Ways To Keep Your Heart Healthy
Get Active: Getting active means you’ve got to get out there and exercise! Even if you’re out of shape, or a beginner, start where you are at. Take steps to get active daily. You could start by getting a fitness tracker, watch, or free pedometer app on your phone. There are many ways to keep track of your daily movements and great communities to encourage you to stay on track!
Eat Healthy: Staying healthy means keeping an eye on what you ingest in your body. Eating heart healthy foods, such as fruit, veggies, nuts and even oatmeal, can help lower cholesterol, blood pressure, and balance your blood sugar.
Alcohol in Moderation: You don’t have to completely cut out social drinking or an occasional cocktail. However, excessive drinking can lead to fatty liver disease and ultimately affect your heart, too. High amounts of booze can lead to a disease of the heart, called cardiomyopathy.
Keep Your BMI In Check: Staying at a healthy weight is one of the keys to beating heart disease. The higher your BMI, the harder your heart has to work to pump blood through your body and maintain healthy circulation.
Stop Smoking: Make 2019 your year to quit for good! Smoking is linked to coronary heart disease, stroke, and artery damage. When you smoke buildup of fatty material, otherwise known as atheroma, occurs. Atheroma narrows the arteries which can lead to a stroke or a heart attack.
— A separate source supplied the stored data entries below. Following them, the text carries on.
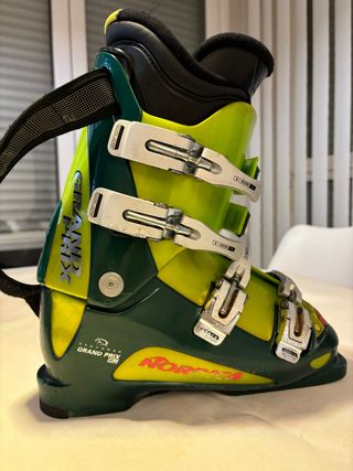 Botas de esquí Nordica Grand Prix en talla 25–25.5 (295 mm), color verde. Equivalen aproximadamente a una talla 39–40 de zapatos normales. Cierre con 4 ganchos metálicos + correa de velcro superior. Usadas únicamente un fin de semana, por lo que están en perfecto estado, tanto el exterior como los forros interiores. Ideales para esquiadores que buscan comodidad, buen ajuste y precisión en pista. Las vendo porque no son mi talla real. Posibilidad de ver y probar sin compromiso.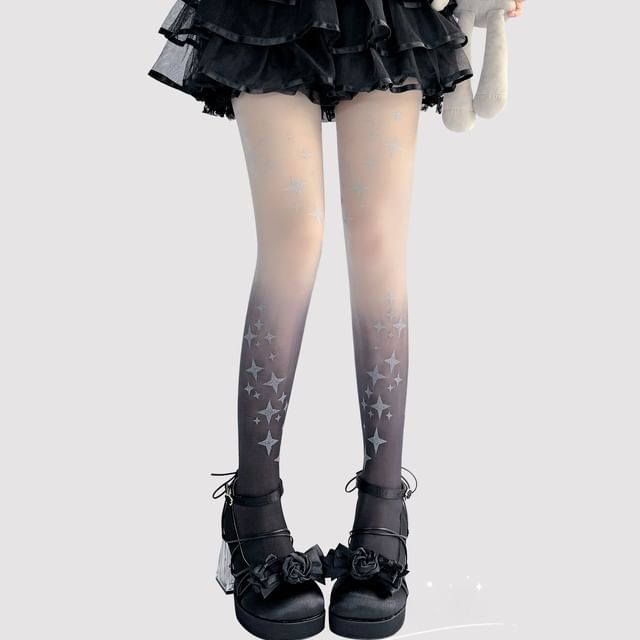 Transparente Strumpfhose mit Farbverlauf und Stern-Print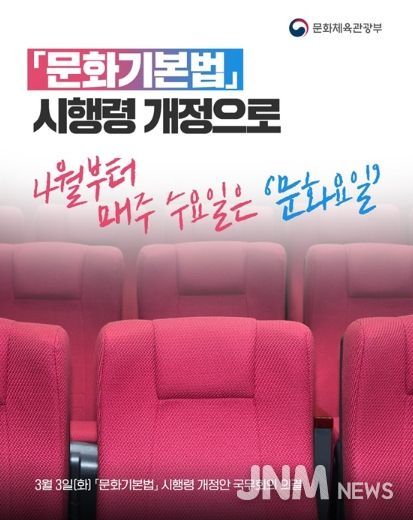 제이앤엠뉴스 | 문화체육관광부가 3월 3일 국무회의에서 「문화기본법」 시행령 개정안을 통과시킴에 따라, 4월부터 매주 수요일이 '문화요일'로 지정된다.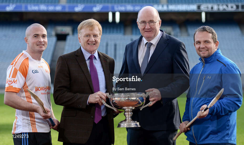 8 December 2016; In attendance during the Bord na Móna Leinster GAA Series 2017 Launch at Croke Park in Dublin are, from left, David O'Callaghan of Dublin, Pat Fitzgerald of Bord Na Mona, John Horan, Chairman of Leinster Council, and Davy Fitzgerald, Wexford Hurling Manager. Photo by Sam Barnes/Sportsfile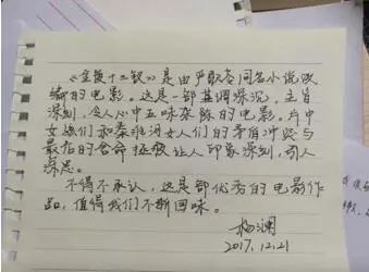 观影结束后,大家写下自己的感想交给班长。以下是班级同学的观后感。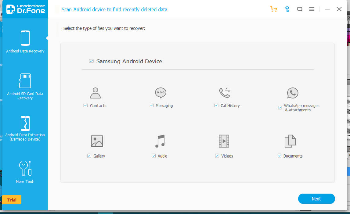 اختار نوع الملفات التى تريد استعادتها من هاتف الاندرويد الخاص بك, حدد على النوع الذى تريد استرجاعة فقط واضغط Next.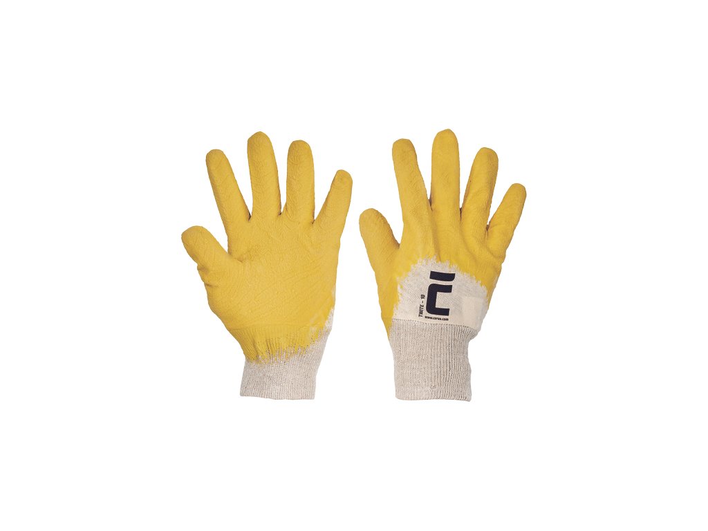 • žlté rukavice šité z bavlny • polomáčané v prírodnom latexe • s protišmykovou úpravou v dlani a na prstoch

Go on girl! We believe in you, put down those smokes for the good of your heart!
Lower Cholesterol & Blood Pressure: While you should always keep an eye on your cholesterol and blood pressure, don’t let it overtake your life. Simply finding ways to eat healthier meals and get regular exercise, will help this happen naturally. FYI, high blood pressure and cholesterol, like heart disease, is ageless. You can be in your 20s and 30s and have both high readings. In fact, according to the CDC, 102 million adults in their 20s or older, have high cholesterol. Sometimes it’s genetics, but oftentimes a simple lifestyle change can move you to the healthier end of the spectrum.
Stop Stressing: This one is not that easy to do, and we’re all guilty of stressing ourselves out at times. If you’re super stressed, learning ways to keep your nerves in check is a start. Whether you’re balancing a job, a social life, school, work or kids , life can get hectic at times. Remember to make time for yourself, try up yoga, hit the sauna or steam room if your gym has one, get a massage or practice meditation. Whatever you decide, find healthy ways to unwind! You deserve it.
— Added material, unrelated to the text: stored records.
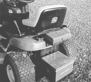 The Osler, Sask., man built a simple 12 by 12 by 10-in. box out of tin and slipped it into an angle iron frame welded to two flat iron arms that fit holes on the tractor's frame next to the hitch.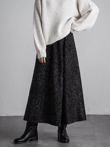 動くたびにキラキラと煌めくラメシャギーニットのフレアスカート。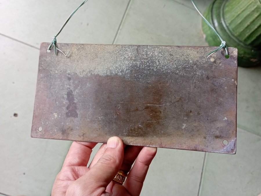 Bảng hiệu công ty xưa bằng đồng đỏ, tình trạng còn rất đẹp. KT: 20cm* 10cm. Mời các anh!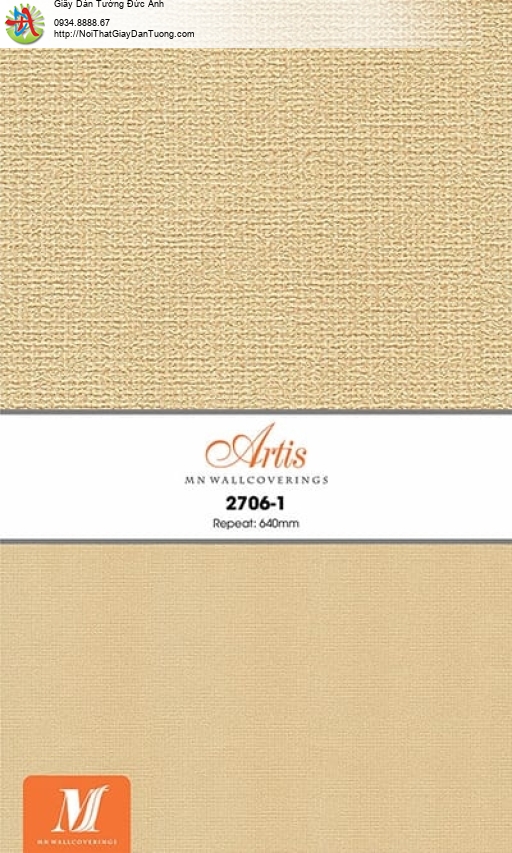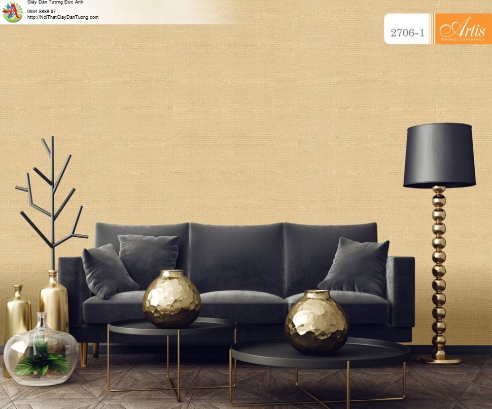 Giấy dán tường vân nổi màu vàng đậm - Artis 2706-1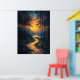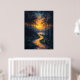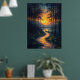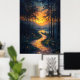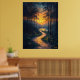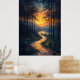 Fördjupa dig i naturens lugn med detta fantastiska impressionistiska konsttryck. Med en slingrande skogsväg upplyst av solnedgångens gyllene nyanser och reflektioner på vattnet. Perfekt för att tillföra värme och stillhet till din väggdekor.

Love Your Heart, Love Yourself.
The month of February is American Heart Health Month, so don’t forget to be your own Valentine, and keep your heart healthy. Don’t put off keeping your blood pressure, cholesterol, blood sugar, and BMI in check. Often times, people wait until it’s too late to get their heart health under control. The sooner you start loving your heart with healthier lifestyle choices, the quicker you’ll get on the road toward personal wellness and physical improvement.